Collection entries –
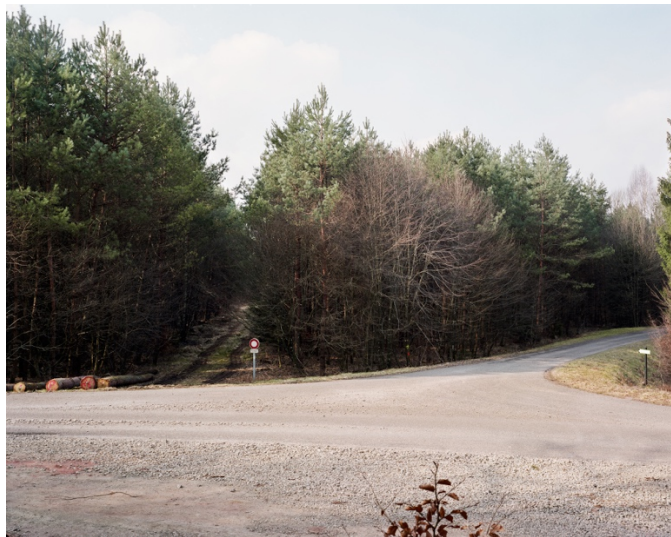
Itinéraire n°11, Parc Naturel Régional des Vosges du Nord Carrefour des ruines de Rotrhenbourg (11 0005) 2014.

Une autre photographie montre, au cœur de la forêt, un endroit que j'affectionne, et qu'apprécient les randonneurs. Un petit parking permet de se diriger vers des ruines situées sur la droite. Un système de réseau de routes forestières traverse de très beaux paysages. Après une coupe rase, une large perspective permettait de voir une montagne se dégager sur la gauche. 16 à 17 ans plus tard, cette perspective est occultée par une forêt dense, même si les photographies de 2016 révèlent un début d'abattage, il n'y aura plus de coupe rase comme autrefois. Que les arbres poussent ne constitue pas en soi une information remarquable. En fin de matinée ou en début d'après-midi, les lumières sont toutefois toujours intéressantes à cet endroit : je m'y rends donc régulièrement, davantage pour le plaisir de retrouver un lieu photogénique que pour la nécessité de la reconduction. Chaque image y possède une valeur photographique intrinsèque. L'ensemble des reconductions et des photographies originales y sont ainsi esthétiquement équivalentes et réussies, ce qui est plutôt rare.
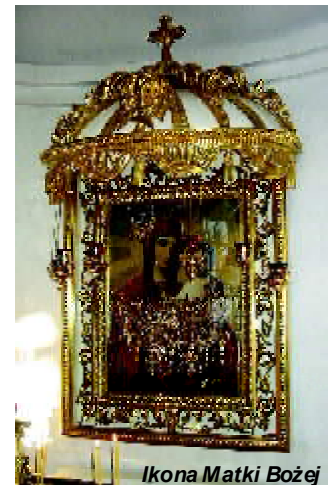
Ikona Matki Bożej „Skoroposłusznica” w świątyni w Bagrationowsku
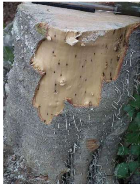
Figura 2. Danni causati da X. crassiusculus

Questi scolitidi, che ospitano funghi simbiotici, scavano gallerie in rami giovani ( X. compactus ) e tronchi ( X. crassiusculus ) di alberi. Gli alberi infestati possono mostrare avvizzimento, deformazione del ramo, rotture e deperimento generale.
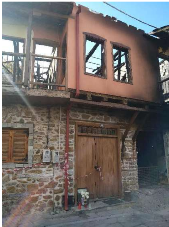
Φωτ. 3 Αριστερά το τμήμα Α (Ρεπάνη Γεώργιου) της κατασκευής και Φωτ. 4 Δεξιά το τμήμα Β (Καραγιάννη Γεώργιου) της κατασκευής

Το κτίσμα είναι διώροφο από την βόρεια πλευρά του και ισόγειο από την νότια, λόγω της υψομετρικής διαφοράς στην συγκεκριμένη θέση.
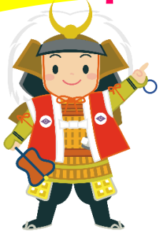
こうふPR大使 武田ハルくん

A la buena atención a los extranjeros, el Ayuntamiento de Kofu reparte panfletos en varios idiomas y un emofu pleado cualificado al idioma extranjero a disposición
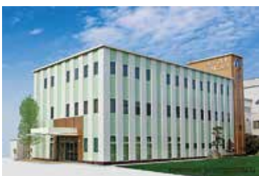
むくの木クリニック 徳島市国府町

健祥会グループの医療機関として 2014 年オープンしたむくの木クリニック。最新の医療機器を備え、職員の健康をサポートします。人間ドックの助成金制度もあり、機能訓練指導員が身体に負担の少ない介護方法を指導し腰痛予防を推進するなど、職員の健康管理に力を入れています。
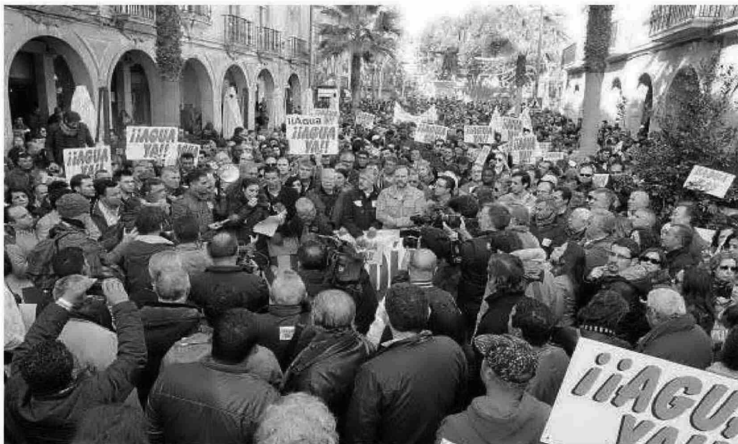
Final de la manifestación, ante la Subdelegación del Gobierno, donde el subdelegado recibió a la plataforma.

Primer trasvase La Subdelegación recuerda que la transferencia de 4,9 hectómetros cúbicos ya está en marcha, con un presupuesto de 20,5 millones

Instructions to follow – The response should be the lines from the one containing "こうふPR大使 武田ハルくん" through the final line of the records, reproduced exactly and with every picture left out.

Task result –
こうふPR大使 武田ハルくん

A la buena atención a los extranjeros, el Ayuntamiento de Kofu reparte panfletos en varios idiomas y un emofu pleado cualificado al idioma extranjero a disposición
むくの木クリニック 徳島市国府町

健祥会グループの医療機関として 2014 年オープンしたむくの木クリニック。最新の医療機器を備え、職員の健康をサポートします。人間ドックの助成金制度もあり、機能訓練指導員が身体に負担の少ない介護方法を指導し腰痛予防を推進するなど、職員の健康管理に力を入れています。
Final de la manifestación, ante la Subdelegación del Gobierno, donde el subdelegado recibió a la plataforma.

Primer trasvase La Subdelegación recuerda que la transferencia de 4,9 hectómetros cúbicos ya está en marcha, con un presupuesto de 20,5 millones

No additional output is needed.